Figure 4. Population structure of 382 cucumber varieties. (A) Delta Chiliad plots derived from Target SSR-seq consequence. (B) Two populations were observed in 382 varieties, Pop1 is colored in pinkish and Pop2 is colored in green. (C) Four subpopulations were classified and Pop1A, Pop1B, Pop2A, and Pop2B are colored with red, bluish, yellowish, and greenish, respectively.
HCPC assay was used to validate the results from Construction. The variance between cluster and the variance gain were significantly decreased when the cluster number increased (Supplementary Figure S2). The recommended two clusters inferred by the minimum variance ratio was consistent with analysis on Structure. However, the variance gain increased slowly with cluster numbers across four (Supplementary Figure S2), indicating that four singled-out sub-clusters existed. Furthermore, a hierarchical clustering tree as well demonstrated two clusters and four sub-clusters (Supplementary Figures S3, S4). Moreover, the unrooted Neighbor-joining (NJ) tree and Principal co-ordinates assay (PCoA) indicated a clear distinction in ii populations and 4 subpopulations, despite the fact that Pop1B was shut to Pop1A (Figures v, 6). Effigy 5 and Supplementary Figure S3 likewise showed that Pop2A were divided into two branches, one was typical European fruit types, and the other one was European fruit types which interbreed with southern China cucumber.
Figure 5. Unrooted neighbor-joining tree of 382 cucumber varieties. The Pop1A, Pop1B, Pop2A, and Pop2B subgroups are colored the same as in Figure 4.
Figure half-dozen. Principal co-ordinates analysis (PCoA) of 382 cucumber varieties. The Pop1 and Pop2 are labeled with circle and triangle. The 4 subpopulations are colored the same as in Effigy 4.

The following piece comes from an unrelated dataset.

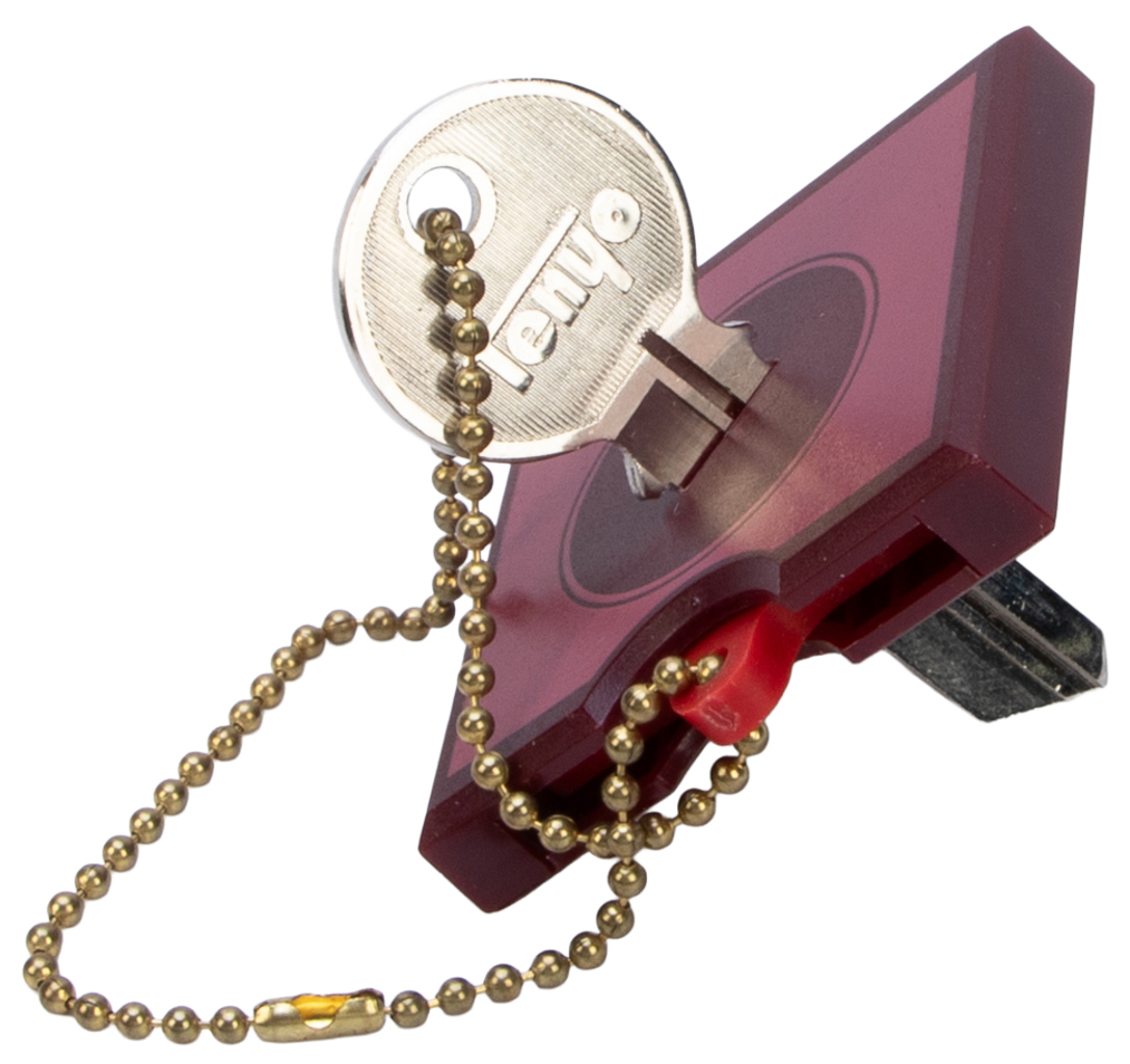 A coin is placed into a small holder at the end of a key chain. The holder is inserted into a frame, and then the key is pushed right through the center of the coin: metal through metal. Then the coin is shown to be unharmed. Created by Atsushi Fukano. Very good condition.

Population Differentiation of Cucumber Varieties in China
AMOVA analysis of 111 SSR genotypes in 382 varieties indicated that the maximum variation of 29.two% resulted from differences within samples, while the minimum variation of 17.6% was accounted for betwixt subpopulations within populations (Table one). The Fst consequence demonstrated that population differentiation between Pop1 and Pop2 is moderate (Fst = 0.35), which was similar to previous research in cucumber germplasms, ranging from 0.xxx to 0.33 based on 23 SSRs (Lv et al., 2012). The pairwise Fst between four subpopulations ranged from 0.14 to 0.47 (Table 2). Amongst them, the Fst between Pop1A and Pop1B showed a low level of differentiation (Fst = 0.fourteen). The distinct differentiation was observed in other pairwise Fst analysis.
Tabular array 1. Analysis of molecular variance (AMOVA) among populations and inside populations.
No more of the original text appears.